Whether this data, gathered by the manufacturer, be fairly accurate or not, it should at least have sufficient probative value, under all of the facts and circumstances of this case, to show that when a car has traveled from 200 to 279 feet, partly on concrete and partly on gravel, after the brakes were applied, in such fashion as to burn and blow out two of the tires, and the car did not then stop until it overturned, the conclusion necessarily follows that it was being driven at such a rapid rate of speed that the application of the brakes, in the manner in which they were applied, would have caused the wreck, even though the truck had come to a complete stop at the point where the plaintiff says that he first saw it, 40 or 50 feet from the intersection, and where he then applied his brakes. In other words, the truck was where it had a right to be at the time the brakes of the car were applied, and nothing that the truck did or failed to do thereafter had anything to do with the accident, the plaintiff having testified that he passed in front of the truck when its front wheels were coming on to the pavement.
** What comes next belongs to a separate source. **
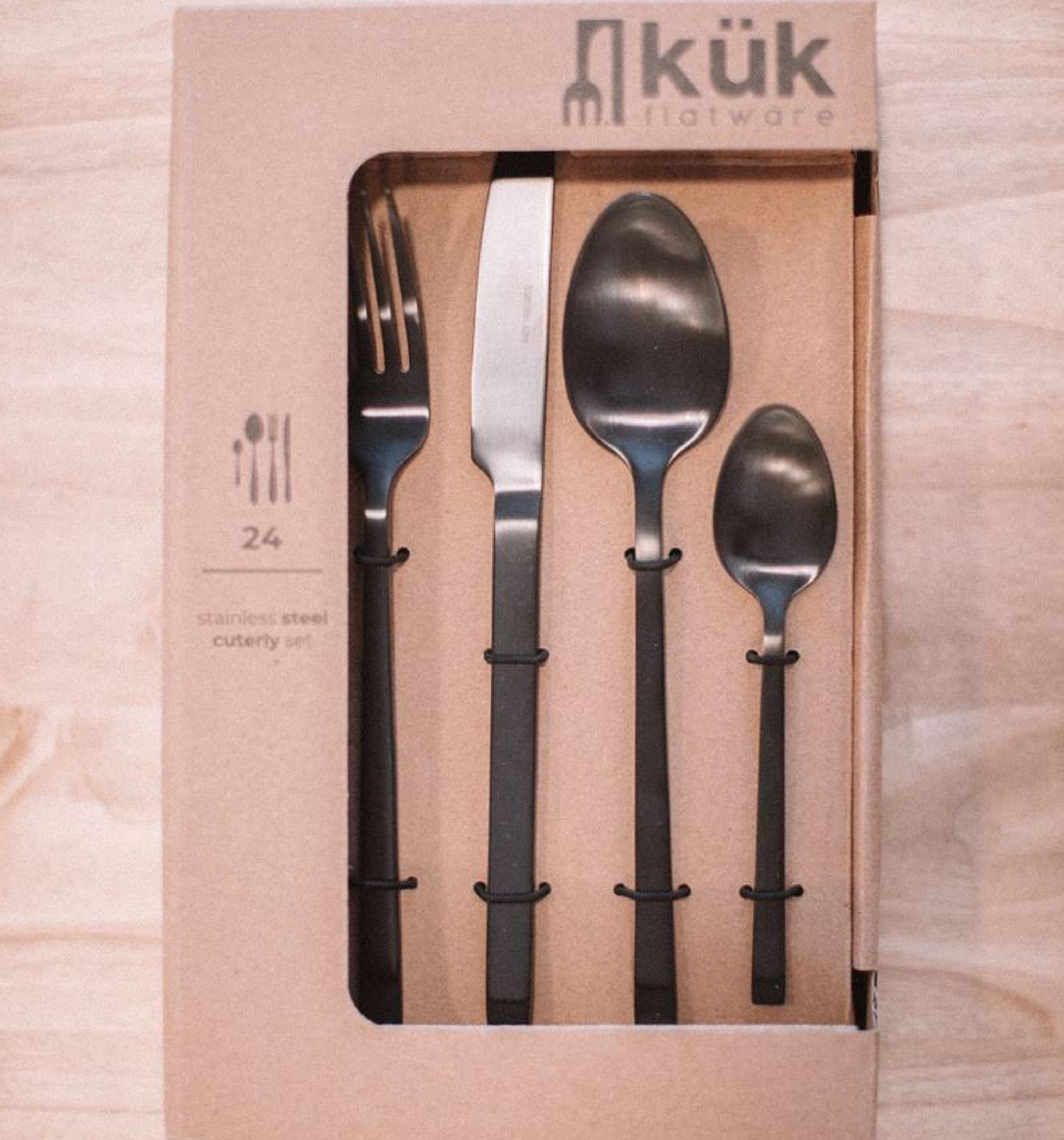 El set es para 6 comensales, incluye 6 tenedores, 6 cuchillos, 6 cucharas soperas, 6 cucharas de postre. Apto para lavavajillas, no utilizar limpiadores abrasivos.

The case was submitted to the jury under erroneous instructions to the effect that the defendants would be liable if it appeared to the plaintiff that the truck would reach the intersection before he did; and they ignored the right of the jury to believe that he may have seen the truck approximately 500 feet away, before he reached the intersection, and from where his witness, who was seated in the car with him, said that he first saw it. The instructions were based on the assumption, however, that the jury might believe that the truck was running at a reckless rate of speed; but there was no substantial evidence to support that assumption, and it was clearly refuted by the physical facts disclosed by the evidence. We deem it unnecessary, however, in view of the conclusion we have reached, to discuss these instructions, or any other errors assigned, except the request for the peremptory instruction on behalf of the defendants. There is no conflict whatever in the evidence to the effect that the truck was at all times nearer the intersection than was the automobile, from the time that the automobile first came in sight of the truck, 500 feet away.
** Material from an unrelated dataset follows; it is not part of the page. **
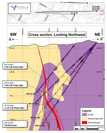 NP-23-395 returned 764 grams per tonne (g/t) silver equivalent (AgEq) over 11.20 metres true width (mTW) (229 g/t silver, 7.14 g/t gold, 0.34 % lead and 1.64 % zinc) Including, 10,485 g/t AgEq over 0.64 mTW (3,140 g/t silver, 102.00 g/t gold, 2.99 % lead and 16.30 % zinc)NP-23-376 returned 415 g/t AgEq over 5.65 mTW (340 g/t silver, 1.23 g/t gold, 0.15 % lead and 0.34 % zinc)NP-23-377 returned 342 g/t AgEq over 7.70 mTW (67 g/t silver, 1.80 g/t gold, 0.75 % lead and 3.74 % zinc) Including, 1,612 g/t AgEq over 0.54 mTW (250 g/t silver, 12.35 g/t gold, 5.65 % lead and 10.45 % zinc)NP-23-381A returned 503 g/t AgEq over 5.00 mTW (155 g/t silver, 2.49 g/t gold, 0.91 % lead and 4.52 % zinc) Including, 1,194 g/t AgEq over 0.97 mTW (476 g/t silver, 9.29 g/t gold, 1.60 % lead and 2.11 % zinc)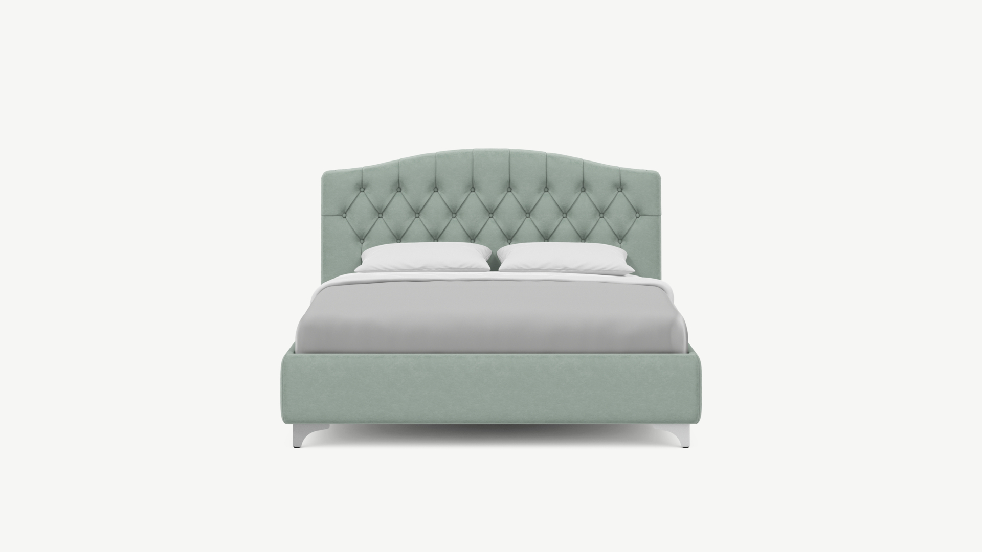 Кровать MOON 1157 создает ощущение праздника. Фигурное изголовье с классической каретной стяжкой формирует торжественный образ кровати, привнося в интерьер элементы дворцового стиля и роскоши.

In view of the importance of the case to the respective litigants, and the voluminous record before us, we have set forth the facts in greater detail than perhaps would be necessary, as a basis for the decision. And in order to avoid prolonging the opinion further, we will refrain from discussing the numerous cases cited in the briefs, except to say that in our opinion they are not controlling here; and for the further reason that after a careful consideration of all the undisputed evidence, and resolving any conflict in the remaining evidence in favor of the appellee, the conclusion is inescapable that the failure of the appellee to have his car under proper control as he approached the intersection was, in our opinion, the sole proximate cause of this unfortunate accident; and the court below erred in not granting the peremptory instruction requested on behalf of the appellants.
Reversed and judgment here for the appellants.